Authors: Linda Leblanc
She read it over and over, memorizing every word and knew that it was true. Dorje would always be a part of her in this life and any that followed.
His older son lying wrapped in a bag on the ground, Mingma gently lifted Beth to her feet and held her in one arm and Nima in the other, both children crying. He had lost his wife and watched two small boys go away, lost Nimputi and his daughters, and lost his livelihood. Through it all, he had tried to remain strong, but this was more than he could endure. While knowing death was a critical part of the cycle of birth, death, and rebirth, Mingma didn’t want to let go of the son he had just found again. Beth seemed so fragile as if the life had poured out of her. After walking her to the dining tent, he joined Nima and Pemba to grieve in private. Worried about his son’s untimely death, Mingma feared Dorje’s ghost would become a
shrindi
wandering and waiting to be dispatched to heaven or one several hells. Some ghosts were simply lost and roamed about unaware that they were dead, but others became malignant spirits causing much trouble.

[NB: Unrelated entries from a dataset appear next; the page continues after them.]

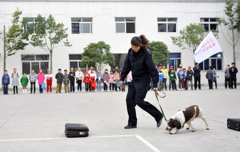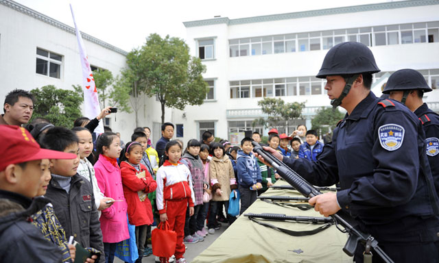 2011年11月19日,淮安日報、淮海晚報50余名小記者走進總公司.小記者們觀看了保安部擒敵技術(shù)表演、押運部槍械操表演和槍支分解結(jié)合表演以及警犬表演等。
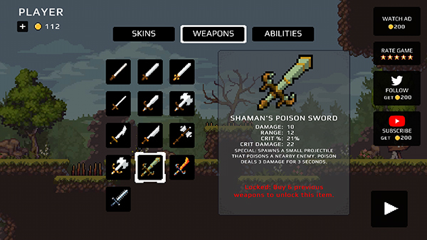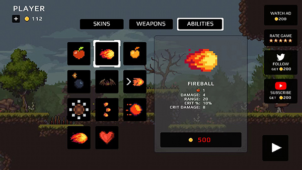 12、在游戏里,存在着诸如SKINS人物皮肤、WEAPONS武器、ABILTIES技能等各式各样的资源,玩家能够凭借持续闯关来解锁并使用。以上便是苹果骑士地下城的玩法。
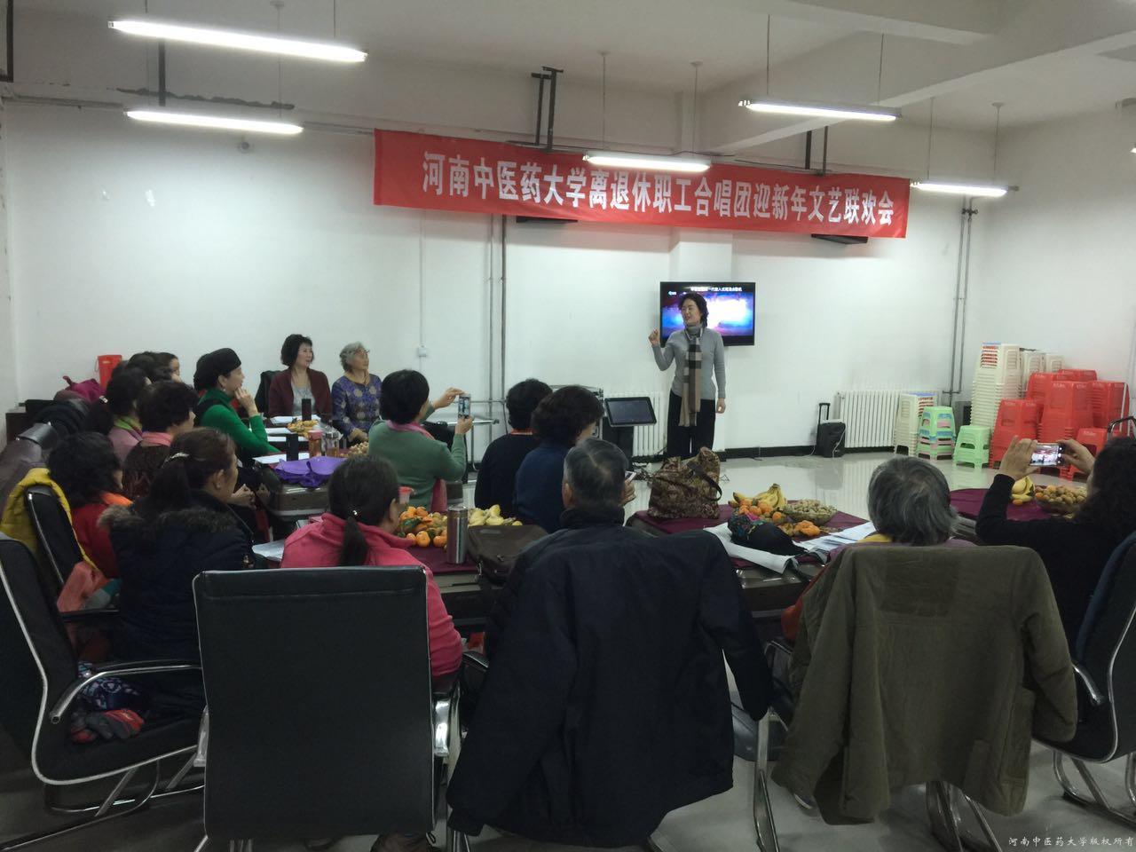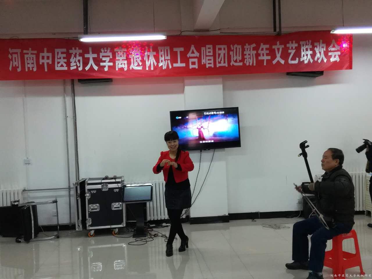 在文艺演出环节,新校区演出由原思政部副主任李艳教授担任节目主持人,她用精心准备的主持词吸引着观众;原校级领导郭学军曲胡伴奏、特邀后勤集团万明海老师演唱了《小仓娃离了登封小县》”;原体育教师张承运老师的诗朗诵《有一个字与生俱来、排山倒海》、张德红老领导的独唱《江山》、原试验中心主任白雁教授、李喜风教授、王红霞教授等老师表演的俄罗斯歌曲串烧等都非常精彩,全体合唱队员数只歌曲把联欢会的气氛推向了高潮。老校区合唱团也在何钟慧老师、童宝秀老师的带动下,演出了多个歌曲,最后两边活动都在全体演职人员、工作处全体工作人员共同高唱的“新年欢歌”声中圆满结束,用快乐的心情迎接新的一年的到来。(离退休职工工作处)
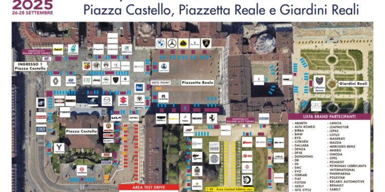 È stata rilasciata la mappa di Salone Auto Torino 2025, con il posizionamento dei 50 brand automotive: Abarth, Alfa Romeo, Birba, BMW, BYD, Citroën, Dallara, DENZA, DFSK, Dongfeng, DR, DS, EMC, Evo, Ferrari, Foton, Geely, GFG Style, Hyundai, ICH-X, Italdesign, Jaecoo, Jeep, KIA, Lamborghini, Lancia, Leapmotor, Lepas, Lotus, Fiat, Maserati, Mazda, Mercedes-Benz, MHero, Omoda, Opel, Peugeot, PETRONAS Lubricants International, Pininfarina, Polestar, RECARO Automotive, Renault, Sabelt, Sparco, Sportequipe, Suzuki, SWM, Tesla, Tiger, Voyah.
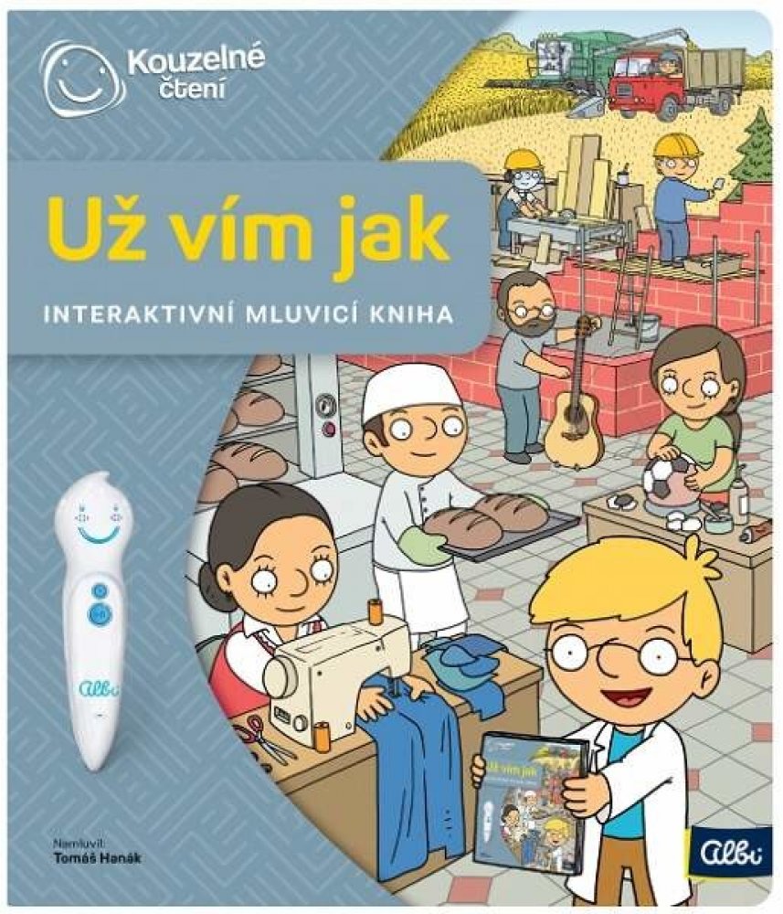UPOZORNĚNÍ: Kniha: Už vím jak funguje pouze s elektronickou tužkou ALBI (není součástí balení). Také vás vždy zajímalo, jak se vyrábí různé věci kolem nás? Jak se staví dům, jak se vyrábí jídlo, nádobí, oblečení nebo zábava? A v neposlední řadě: jak vlastně vznikla tato mluvící kniha?

“We must do everything we can to help your brother reach a favorable rebirth,” he told Nima. Pemba and I will leave at sunrise with Dorje to prepare his funeral before it is too late. Follow soon with Beth and the Americans who treat her so kindly.” As Nima agreed, his mournful face reminded Mingma that his younger son was also grieving. In a softer voice he added, “And sleep in warm houses on your way down. You know Sherpa doors are always open.”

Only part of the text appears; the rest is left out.